People used to go to sporting events to watch the game. And don’t get me wrong, they still do. But it’s more than that. It’s the entire experience driving attendance and the emotional feeling to be part of something bigger – a community. The conversations that occur courtside; your teammates’ fist-bumps when your team scores; and the opportunity to socialize at the nearby bars and restaurants with new friends.
This trend emerged before the pandemic. Gen Zers, millennials, and others consume sports in a different way. They are less passionate and casual fans than the older generations. They stream sports online at 70%, compared to 46% who prefer broadcast. Younger fans spend more time viewing sports content than watching actual game action. Gen Z and millennials value experience and use a game to organize a night out. Arriving in the second innings, leaving in seventh, and making friends at the outfield bar by the fifth.
These events help millennials and generation Z feel closer to their communities and others, but leagues have been slow to adapt their offerings to this age group.
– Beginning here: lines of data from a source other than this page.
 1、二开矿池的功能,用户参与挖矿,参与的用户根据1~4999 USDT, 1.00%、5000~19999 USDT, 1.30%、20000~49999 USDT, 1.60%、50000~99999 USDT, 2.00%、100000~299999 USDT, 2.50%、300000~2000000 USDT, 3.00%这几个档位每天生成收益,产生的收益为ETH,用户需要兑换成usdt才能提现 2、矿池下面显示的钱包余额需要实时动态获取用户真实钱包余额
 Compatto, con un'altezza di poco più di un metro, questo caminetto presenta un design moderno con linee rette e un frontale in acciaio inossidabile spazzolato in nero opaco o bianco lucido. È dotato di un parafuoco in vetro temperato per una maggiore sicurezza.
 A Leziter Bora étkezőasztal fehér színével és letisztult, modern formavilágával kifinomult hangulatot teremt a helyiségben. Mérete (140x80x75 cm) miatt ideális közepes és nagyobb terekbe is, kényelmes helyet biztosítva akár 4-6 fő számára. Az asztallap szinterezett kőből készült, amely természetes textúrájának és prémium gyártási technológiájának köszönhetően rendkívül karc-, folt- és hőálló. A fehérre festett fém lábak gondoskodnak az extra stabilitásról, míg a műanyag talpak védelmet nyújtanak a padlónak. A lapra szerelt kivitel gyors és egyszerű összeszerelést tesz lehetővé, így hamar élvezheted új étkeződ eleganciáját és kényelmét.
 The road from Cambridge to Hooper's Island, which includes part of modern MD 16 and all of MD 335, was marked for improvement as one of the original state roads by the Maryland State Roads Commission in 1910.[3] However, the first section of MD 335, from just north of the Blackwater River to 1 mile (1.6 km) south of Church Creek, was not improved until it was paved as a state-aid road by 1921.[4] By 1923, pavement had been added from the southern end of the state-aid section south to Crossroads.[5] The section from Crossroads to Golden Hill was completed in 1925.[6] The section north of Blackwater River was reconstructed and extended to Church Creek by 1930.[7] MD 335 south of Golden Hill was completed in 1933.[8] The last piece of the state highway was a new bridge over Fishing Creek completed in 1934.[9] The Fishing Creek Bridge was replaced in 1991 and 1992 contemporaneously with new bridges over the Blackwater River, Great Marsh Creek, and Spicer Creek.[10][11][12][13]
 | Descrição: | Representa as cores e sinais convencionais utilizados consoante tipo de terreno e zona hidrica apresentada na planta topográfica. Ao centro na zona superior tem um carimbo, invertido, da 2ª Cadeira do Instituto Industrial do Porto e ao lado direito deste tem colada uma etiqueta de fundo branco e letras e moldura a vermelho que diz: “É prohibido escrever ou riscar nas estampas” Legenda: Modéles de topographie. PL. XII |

Stadiums were beginning to create areas for these fans, but it went against traditional logic – how could the experience not be about the action on the field/court/ice?
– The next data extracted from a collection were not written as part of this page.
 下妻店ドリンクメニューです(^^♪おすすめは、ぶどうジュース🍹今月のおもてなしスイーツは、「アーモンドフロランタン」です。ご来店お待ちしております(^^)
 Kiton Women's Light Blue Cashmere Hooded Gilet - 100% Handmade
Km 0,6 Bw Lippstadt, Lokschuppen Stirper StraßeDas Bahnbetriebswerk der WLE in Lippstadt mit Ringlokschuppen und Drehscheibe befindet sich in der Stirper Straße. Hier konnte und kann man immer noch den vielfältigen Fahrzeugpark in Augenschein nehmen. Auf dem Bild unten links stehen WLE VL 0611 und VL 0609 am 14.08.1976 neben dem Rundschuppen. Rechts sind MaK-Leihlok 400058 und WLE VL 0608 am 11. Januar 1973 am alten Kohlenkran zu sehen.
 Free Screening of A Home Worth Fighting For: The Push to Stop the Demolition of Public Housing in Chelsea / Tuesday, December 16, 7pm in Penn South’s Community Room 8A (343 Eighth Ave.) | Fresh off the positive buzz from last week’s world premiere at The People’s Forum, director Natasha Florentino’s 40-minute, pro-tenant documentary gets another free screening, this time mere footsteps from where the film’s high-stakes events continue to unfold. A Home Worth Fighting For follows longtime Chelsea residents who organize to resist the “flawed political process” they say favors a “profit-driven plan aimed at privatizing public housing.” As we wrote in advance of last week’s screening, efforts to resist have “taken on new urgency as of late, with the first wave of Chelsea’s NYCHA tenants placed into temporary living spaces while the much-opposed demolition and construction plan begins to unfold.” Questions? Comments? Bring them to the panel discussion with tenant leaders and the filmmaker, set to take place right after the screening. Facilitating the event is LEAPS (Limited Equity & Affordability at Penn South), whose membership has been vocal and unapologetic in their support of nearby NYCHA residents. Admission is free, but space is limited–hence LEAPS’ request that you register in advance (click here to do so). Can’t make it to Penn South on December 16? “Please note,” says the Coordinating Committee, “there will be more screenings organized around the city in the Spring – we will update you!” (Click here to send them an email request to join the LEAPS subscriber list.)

Then the pandemic hit, and community cornerstones were off-limits – not just sports venues but offices, churches, concerts and festivals. It was lacking in fans when sports returned to TV. We watched because it was something, a way to stay connected even when we weren’t, but we looked forward to being present at a live event.
It is now. Stadiums are filling – many to capacity – because we crave community. Digital communities might have been lifesaving during the pandemic, but we learned that they couldn’t replace the real, live thing. Gen Z and millennials may have fewer fans, but they care about community and experiences. Recent research found that millennials were more likely to attend multiple sporting events before the pandemic. They also missed the most live sports. They are looking for connection after the pandemic.
Here’s where stadiums have an opportunity – to focus on being a hub for socialization and the community. They must embrace the fact that not all of the action is on the field. It’s a reason fans go, but for many it’s not the primary one. The experience they have outside the stands should be just as important as the one inside. It should be free-flowing. Stadiums should encourage people interaction and profit from this by accepting the need to socialize.
This is where brands can come in and reap the benefits. The whole building becomes the venue, not just the space for the event. This destination is an ideal place to market.
Here are three things stadiums can do, in partnership, with brands, to move the needle, encourage more socializing.
You can create more sensory and physical experiences. Brands must move beyond logos and visuals in order to tell their story with iconic materials, lighting and interactions. Coors Light, for example, introduced cold rails that allow you to cool your beer while it rests. Some brands embrace aromas of ingredients in their products that waft though spaces or sound effects such as cans opening to infiltrate fans who are out and about with friends and family, rather than in their seats.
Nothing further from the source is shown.